**Work task:** Reproduce the material below only from the line with "5 - Arrivée 9h15 env. ravitaillement" to the line with "Damme heeft een", both included, keeping each line exact and dropping the pictures.
Data for analysis below:
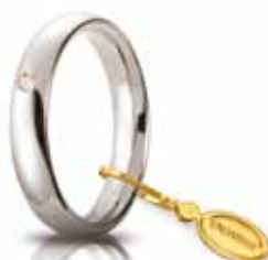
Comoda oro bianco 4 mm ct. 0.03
End of Data for analysis.
Data for analysis below:
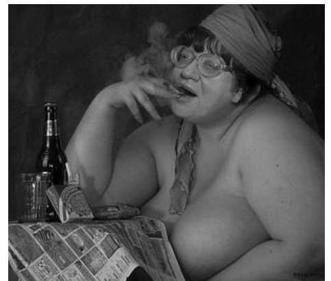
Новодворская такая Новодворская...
End of Data for analysis.
Data for analysis below:
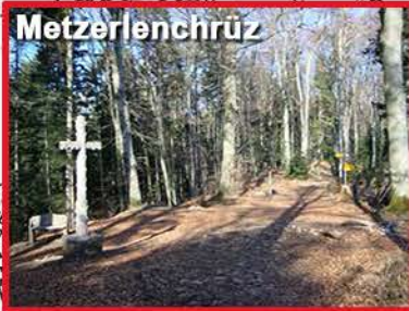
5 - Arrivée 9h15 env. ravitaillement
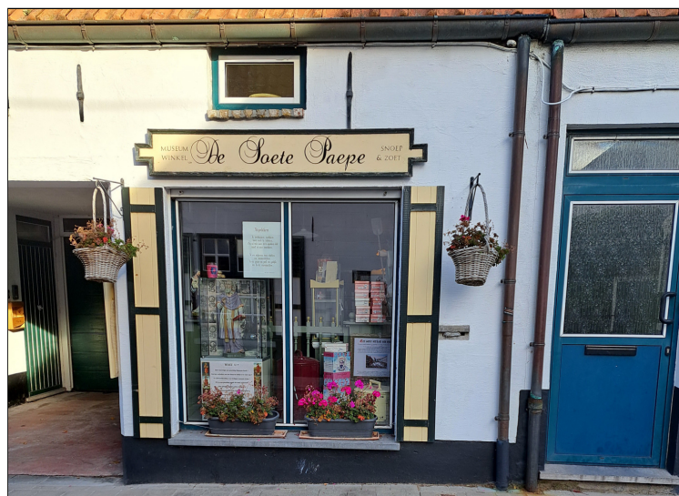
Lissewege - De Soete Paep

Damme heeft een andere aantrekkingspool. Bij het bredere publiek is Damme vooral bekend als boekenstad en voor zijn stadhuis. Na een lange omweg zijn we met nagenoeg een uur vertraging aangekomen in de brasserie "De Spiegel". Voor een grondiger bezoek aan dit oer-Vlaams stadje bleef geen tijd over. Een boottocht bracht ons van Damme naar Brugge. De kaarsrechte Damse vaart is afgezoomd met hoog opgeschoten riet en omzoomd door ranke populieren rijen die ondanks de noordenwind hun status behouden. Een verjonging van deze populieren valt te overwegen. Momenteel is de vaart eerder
End of Data for analysis.
**Task result:**
5 - Arrivée 9h15 env. ravitaillement
Lissewege - De Soete Paep

Damme heeft een andere aantrekkingspool. Bij het bredere publiek is Damme vooral bekend als boekenstad en voor zijn stadhuis. Na een lange omweg zijn we met nagenoeg een uur vertraging aangekomen in de brasserie "De Spiegel". Voor een grondiger bezoek aan dit oer-Vlaams stadje bleef geen tijd over. Een boottocht bracht ons van Damme naar Brugge. De kaarsrechte Damse vaart is afgezoomd met hoog opgeschoten riet en omzoomd door ranke populieren rijen die ondanks de noordenwind hun status behouden. Een verjonging van deze populieren valt te overwegen. Momenteel is de vaart eerder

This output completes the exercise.